Each file produces one output line:

COPY IMG_0001.jpg -> 2021/12-Dec/20211225_062223_abc123.jpg
     +sidecar IMG_0001.aae -> 2021/12-Dec/20211225_062223_abc123.jpg.aae
SKIP notes.txt -> unsupported format: .txt
SKIP IMG_0002.jpg -> previously imported
DUPE IMG_0003.jpg -> matches 2021/12-Dec/20211225_062223_abc123.jpg
ERR  corrupt.jpg -> extract date: no EXIF data
Done. processed=3 duplicates=1 skipped=2 errors=1

Output Naming Convention

YYYYMMDD_HHMMSS_<CHECKSUM>.<ext>
  • Date/Time: Extracted from EXIF DateTimeOriginal or CreateDate
  • Checksum: Hex-encoded hash (default SHA-1, 40 characters)
  • Extension: Lowercase, preserved from original

Directory Structure

<dest>/<YYYY>/<MM-Mon>/<filename>
  • Year: 4-digit (e.g., 2021)
  • Month: Zero-padded number + 3-letter abbreviation (e.g., 12-Dec)

Duplicates

When a file's checksum matches an already-processed file:

<dest>/duplicates/<run_timestamp>/<YYYY>/<MM-Mon>/<filename>

Use the --skip-duplicates flag to skip copying duplicate files entirely instead of copying them to the duplicates/ directory. When active, duplicates are detected and checksummed but not physically copied to the destination.

Archive Database & Ledger

  • Archive DB (<dest>/.pixe/<slug>.db): SQLite database tracking all files ever processed across all runs. Enables duplicate detection, skip-on-resume, and queryable history. Automatically migrated from legacy JSON manifest if present.
  • Ledger (<source>/.pixe_ledger.json): Streaming JSONL receipt written during each run. Line 1 is a header with run metadata; subsequent lines are one entry per file. Human-readable and crash-safe (partial writes are valid JSONL).

Installation

Install Latest Release

go install github.com/cwlls/pixe-go@latest

Build from Source

git clone https://github.com/cwlls/pixe-go.git
cd pixe-go
make build

Usage

pixe sort

Sort media files from a source directory into an organized archive:

# source defaults to current directory
pixe sort --dest /path/to/archive [options]

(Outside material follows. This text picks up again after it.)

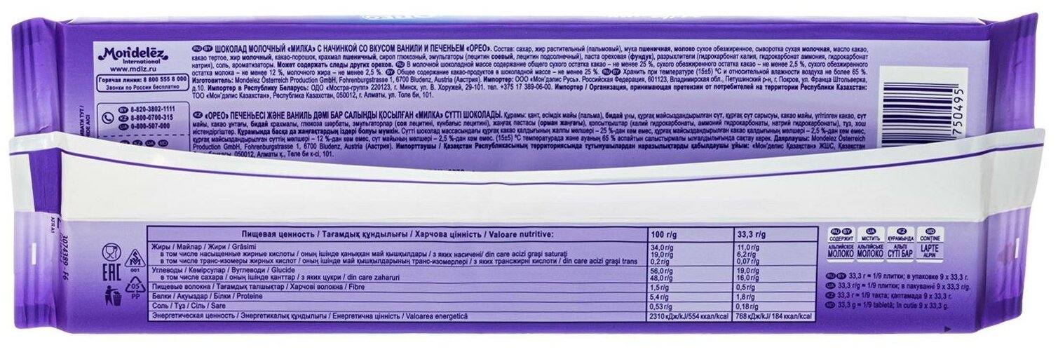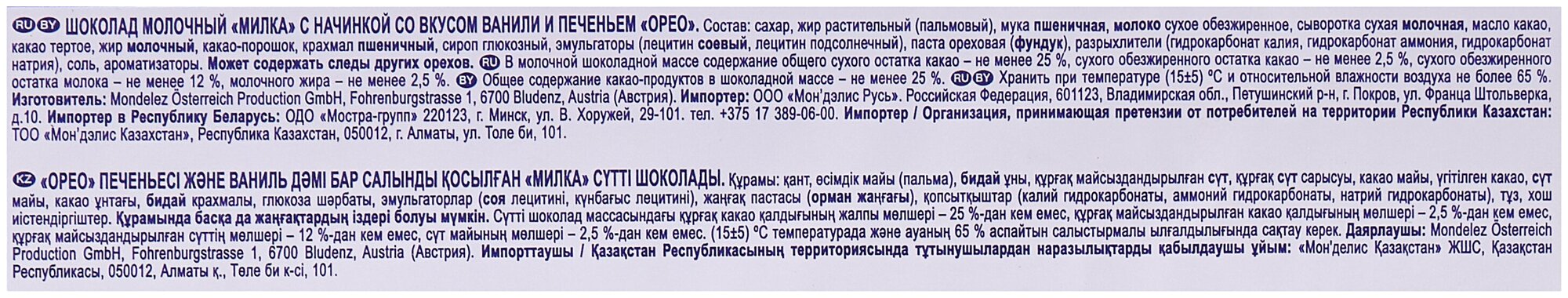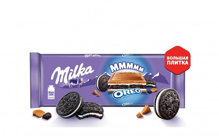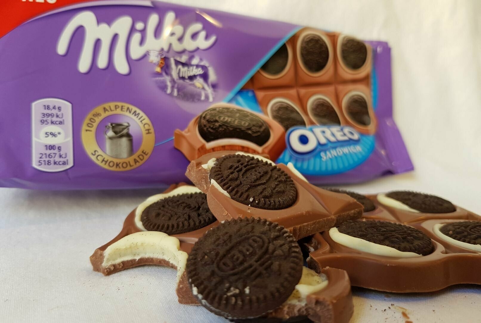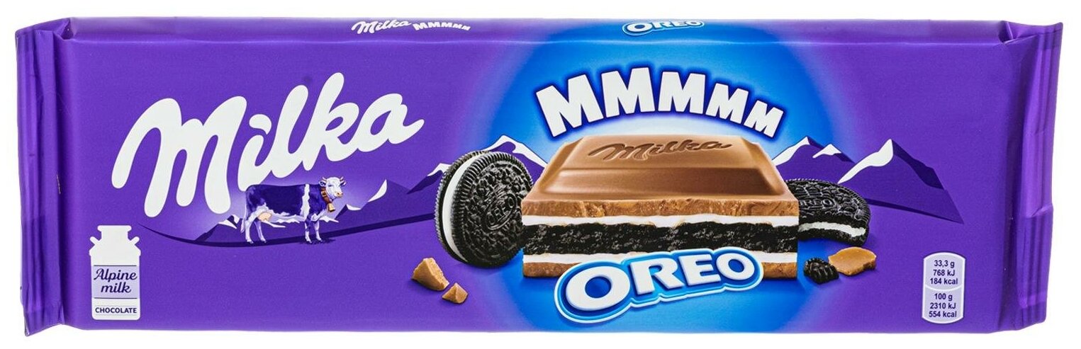 Шоколад Milka Oreo молочный с начинкой 300г - это шоколадное лакомство с печеньем, знаменитым на весь мир. Шоколадка приготовлена по уникальной рецептуре, разработанной швейцарскими шоколатье, на основе альпийского молока и высококачественных какао-бобов. Плитка представляет собой два тонких слоя нежнейшего молочного шоколада, два слоя ароматного ванильного крема и щедрый слой печенья Орео посередине. Упакована в обертку, которую можно многократно открывать и закрывать. Свое название известный швейцарский бренд получил от слов Milch (молоко) и Kakao (какао) - двух главных ингредиентов каждой шоколадки в яркой лиловой обертке.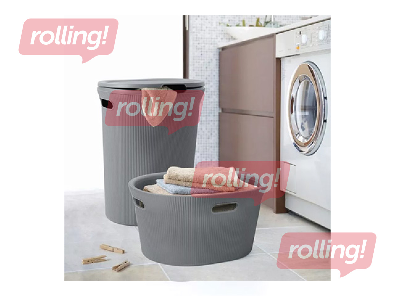 Veļas kaste Tatay Baobab, ar vāku, pelēka, 40l

# or with an explicit source
pixe sort --source /path/to/photos --dest /path/to/archive [options]
Flag Default Description
--config config file (default: $HOME/.pixe.yaml or ./.pixe.yaml)
-w, --workers 0 number of concurrent workers (0 = auto: runtime.NumCPU())
-a, --algorithm sha1 hash algorithm: md5, sha1 (default), sha256, blake3, xxhash
-q, --quiet false suppress per-file output; show only the final summary
-v, --verbose false show per-stage timing and debug information
--profile load a named config profile from ~/.pixe/profiles/.yaml
-s, --source source directory containing media files to sort (default: current directory)
-d, --dest destination directory for the organized archive (required)
--copyright copyright template injected into destination files, e.g. "Copyright {{.Year}} My Family"
--camera-owner camera owner string injected into destination files
--dry-run false preview operations without copying any files
--db-path explicit path to the SQLite archive database (overrides auto-resolution)
-r, --recursive false recursively process subdirectories of --source
--skip-duplicates false skip copying duplicate files instead of copying to duplicates/ directory
--ignore glob pattern for files to ignore (repeatable, e.g. --ignore "*.txt" --ignore ".DS_Store")
--no-carry-sidecars false disable carrying pre-existing .aae and .xmp sidecar files from source to destination
--overwrite-sidecar-tags false when merging tags into a carried .xmp sidecar, overwrite existing values instead of preserving them
--progress false show a live progress bar instead of per-file text output (requires a TTY)
--since only process files with capture date on or after this date (format: YYYY-MM-DD)
--before only process files with capture date on or before this date (format: YYYY-MM-DD)

Ignore Patterns

The --ignore flag supports three pattern types:

  1. Simple glob patterns--ignore "*.txt" excludes .txt files in the source directory.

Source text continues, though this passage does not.